KSS przegrał „zgodnie z planem”
Nie było niespodzianki. „Tygrysice” przegrały na własnym parkiecie z SPR-em Lublin 23:40. Podopieczne Zdzisława Wąsa nie były w stanie pokonać faworyzowanych mistrzyń Polski. Po sześć bramek dla kieleckiego zespołu zdobyły Marija Gedroit i Lina Abramauskaite.
Tego, jak skończy się ten mecz, można było spodziewać się już po kilku pierwszych minutach. Mistrzynie Polski szybko wyszły na kilkubramkowe prowadzenie. Rywalki były wyraźnie silniejsze fizycznie od gospodyń, w dodatku te popełniały proste błędy w ataku (zazwyczaj „kroki”). Nie pomógł nawet doping kilkunastoosobowej grupy młodych kibiców, których koszulki składały się w napis „KSS Kielce”.

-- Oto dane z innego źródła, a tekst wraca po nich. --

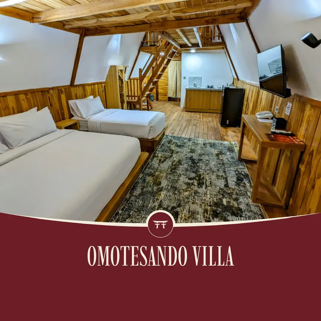 Omotesando Villa features a cozy layout and Japanese-inspired simplicity. This villa offers warm shared spaces and a scenic balcony, making it perfect for families or groups seeking comfort and togetherness.
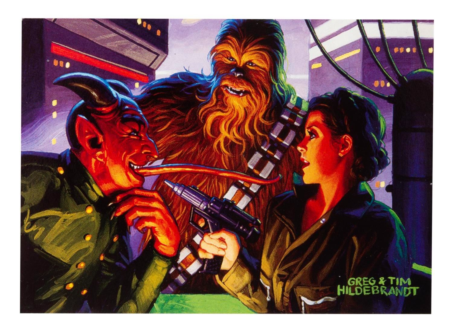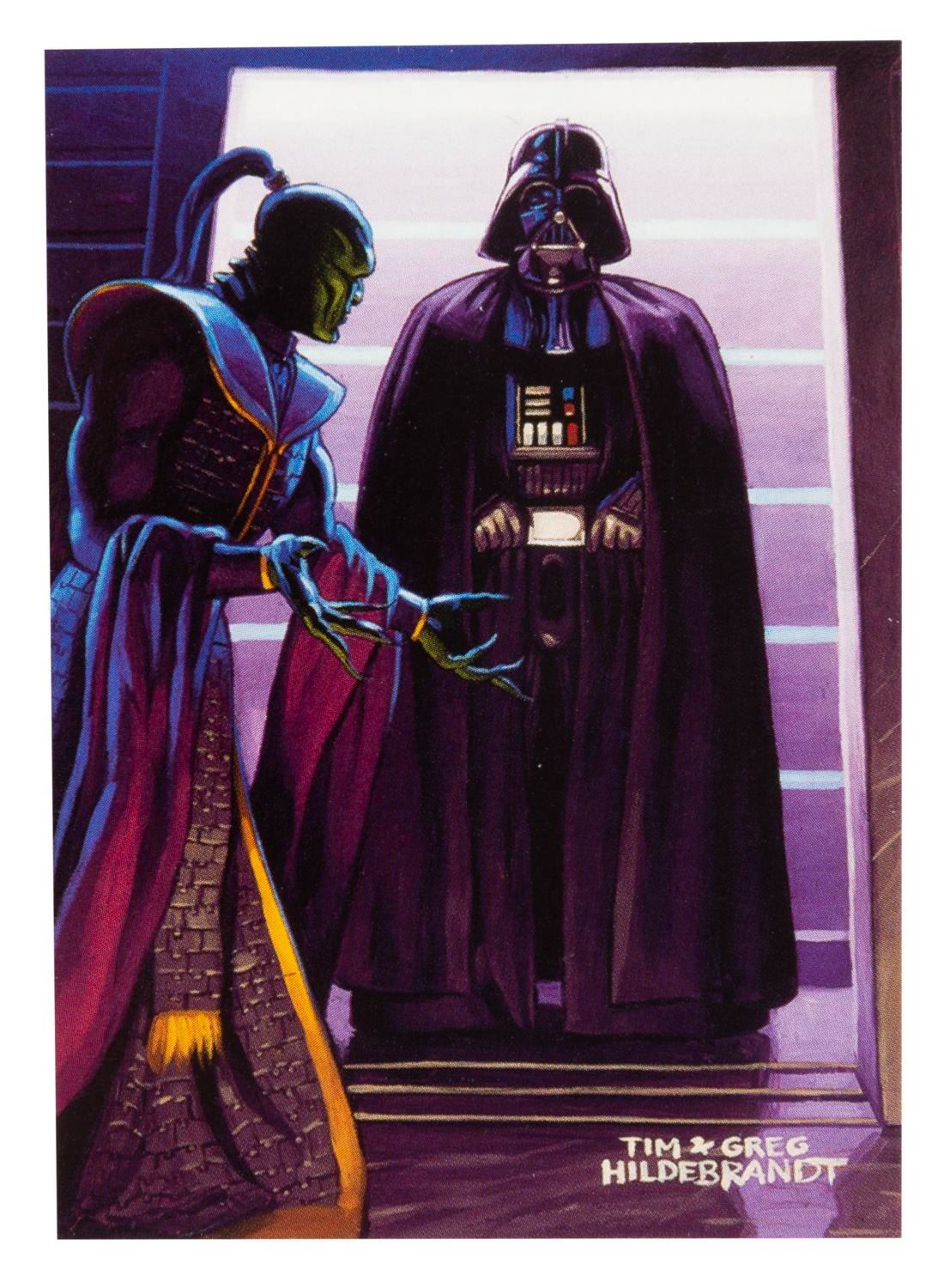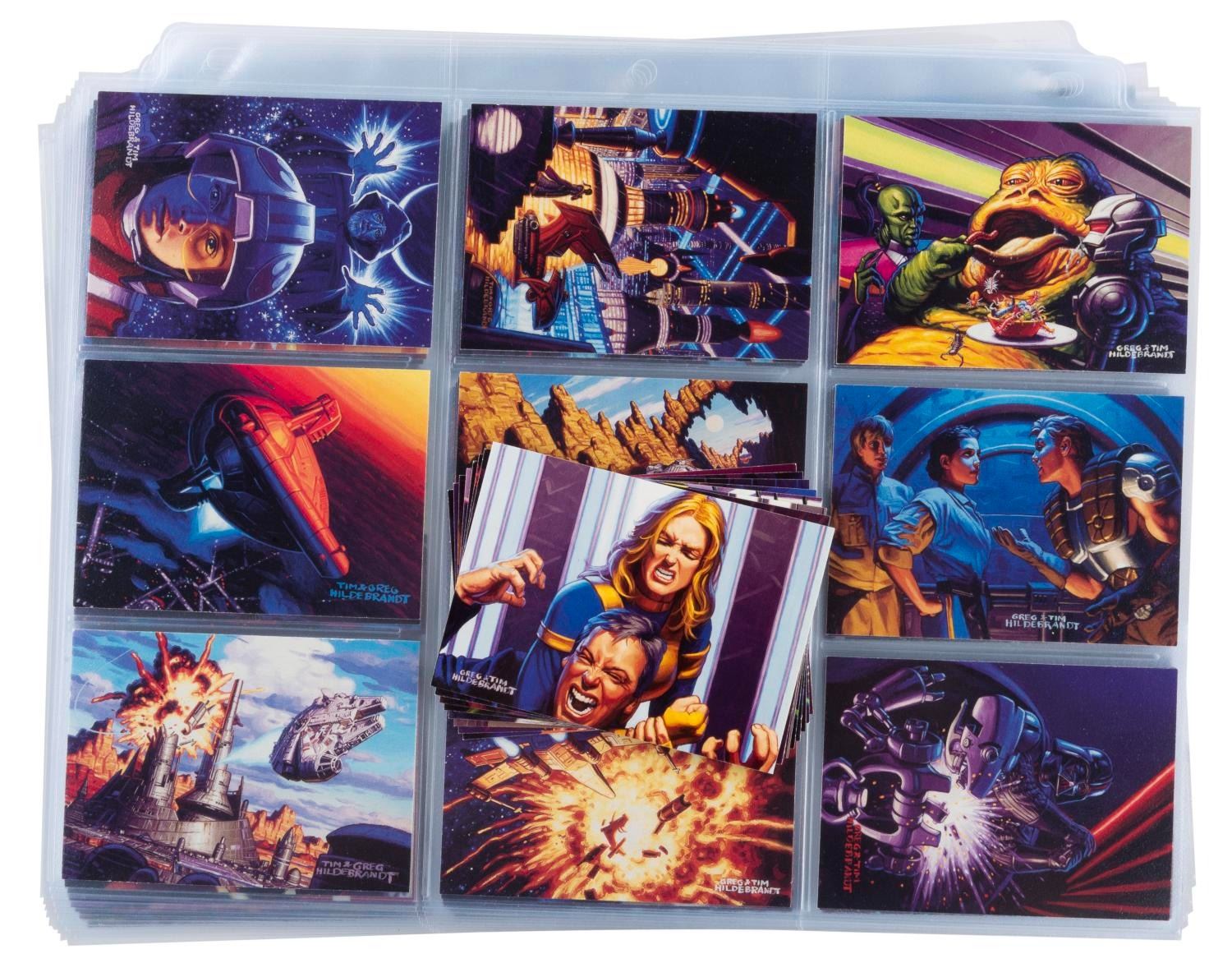 (Topps, 1996) A complete standard set of 90 Star Wars: Shadows of the Empire trading cards, missing only the very rare chase cards numbered 73 through 82 out of the full run of 100. Each card features an original color illustration by artists Greg and Tim Hildebrandt, and is in very good to fine condition with very light corner dings.

Po kwadransie SPR prowadził już 6 golami. Wtedy kielczankom udało się przeprowadzić kilka składnych ataków, w miarę skuteczna była Marija Gedroit. Lublinianki stawiały jednak twardy opór, przez co często pod bramką przyjezdnych dochodziło do brutalnych starć. – Taka była nasza taktyka. Miałyśmy zagrać twardo w obronie i przeprowadzać szybkie kontrataki. W jakimś stopniu te założenia zrealizowałyśmy, choć błędów nie uniknęłyśmy – mówiła Alina Wojtas, która już tuż po przerwie z powodu trzech dwuminutowych kar wylądowała na trybunach.
To właśnie kontrataki były największą bronią rywalek. Brylowała w nich zwłaszcza Małgorzata Majerek (autorka 10 bramek), która potrafiła w mig przemieścić się spod jednej bramki pod drugą. Kielczanki za nią oraz innymi rywalkami nie nadążały. A gdy same stawały przed szansą przeprowadzenia takiej akcji, to niepotrzebnie zwalniały. Co gorsza, gdy już ruszyły odważnie do przodu, to trafiały w słupek lub bramkarkę z Lublina.
Jeśli jednak o golkiperach mowa, to najlepiej między słupkami spisywała się Paulina Kozieł z KSS-u. 25-letnia bramkarka obroniła kilka bardzo trudnych piłek. – Paulina świetnie zagrała, broniła to, co nie powinno przechodzić przez naszą defensywę – przyznała Marta Rosińska. – Zagrałyśmy bardzo słaby mecz. Jasne, miałyśmy podejść na luzie, ale zupełnie sobie nie radziłyśmy na boisku. Jest mi bardzo przykro nie z powodu wyniku, ale właśnie tego, w jaki sposób przegrałyśmy.
Ostatecznie mecz zakończył się aż 17-bramkowym zwycięstwem SPR-u. – Znacznie poniżej oczekiwań. Dziewczyny grały na stojąco, popełniały proste błędy, zabrakło woli walki. Po zwycięstwie nad Ruchem Chorzów chyba przyszło jakieś samozadowolenie. I mamy tego smutne efekty... - skwitował trener Zdzisław Wąs.
Za tydzień koniec fazy zasadniczej PGNiG Superligi kobiet. KSS w sobotę zagra na wyjeździe z AZS-em Politechniką Koszalińską.
KSS Kielce – SPR Lublin 23:40 (14:21)
KSS: Kozieł, Muszioł - Grabarczyk 2, Kabała, Pokrzywka 2, Młynarczyk, Kot, Abramauskaite 6, Drabik 2, Rosińska 4, Gedroit 6, Paszowska 1, Nowak.